IMO, comparing with concrete_or_error, ìs_concrete doesn't provide enough usability. Consider the following code:

c = concrete_or_error(f, a, "some context")

It says that we can convert/and have actually converted a to a concrete value c of some concrete type with the help of some function f. Noticeably, ConcreteArray can be considered static even when f is None. Also notice how ìs_concrete and is_tracer are not logical negation of each other, which is another argument against is_tracer. Naked ìs_concrete will leave a untouched, and we can't use its value. If we were to add this new function (which I don't think we should), a more accurate name maybe is_concretizable.

... When adding new parameters to functions that are wrapped in transformations, one can quite easily lose track of which arguments are static and end up with a long stack trace and a trip to jax.readthedocs.io/en/latest/errors.html before realising a silly mistake

Agreed, and this exact use case is covered by core.concrete_or_error, with many examples to be found in jax/_src/numpy/lax_numpy.py.

JeppeKlitgaard commented 1 year ago

@soraros I think I confusingly stated is_tracer and assert_concrete in way that it could be interpreted as if I was suggesting these exact implementations – that was not my intention. I agree that core.concrete_or_error is probably what I am looking for, though I am advocating for it being made part of the public API (or some variation on it).

concrete_or_error raises an error, which is convenient in many cases. In those cases where a more custom error message (beyond what can be put in context of concrete_or_error, I could see is_concretizable being helpful.
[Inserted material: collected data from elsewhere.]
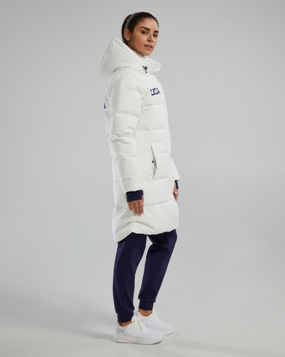 Conquer the cold in style with the TYR Women Quilted Dawn Parka - USA. Designed for athletes and outdoor enthusiasts alike, this premium parka delivers superior warmth, weather protection, and comfort when you need it most.
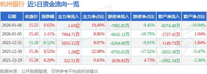 证券之星消息,截至2026年1月6日收盘,杭州银行(600926)报收于15.55元,上涨0.65%,换手率0.75%,成交量54.06万手,成交额8.34亿元。
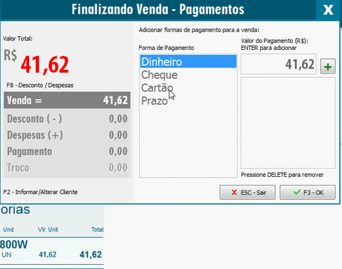 Neste momento, selecione a forma de pagamento desejada e logo a direita informe o valor do pagamento, em seguida pressione a tecla Enter, neste exemplo iremos utilizar a forma de pagamento Dinheiro.
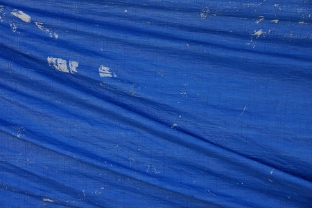 Blue canvas with holes. Leaky fabric. Forgotten. Abandoned. Ragged coating

Exposing concrete_or_error I think is a good way to emphasise to users that they need to be cautious about traced values – this becomes second-nature when working with JAX for a bit, but for new users the concept is, I found, one of the things that trip people up. Having these assertions in the top of a function also makes it immediately obvious when reading the function that it is made with certain constraints in mind.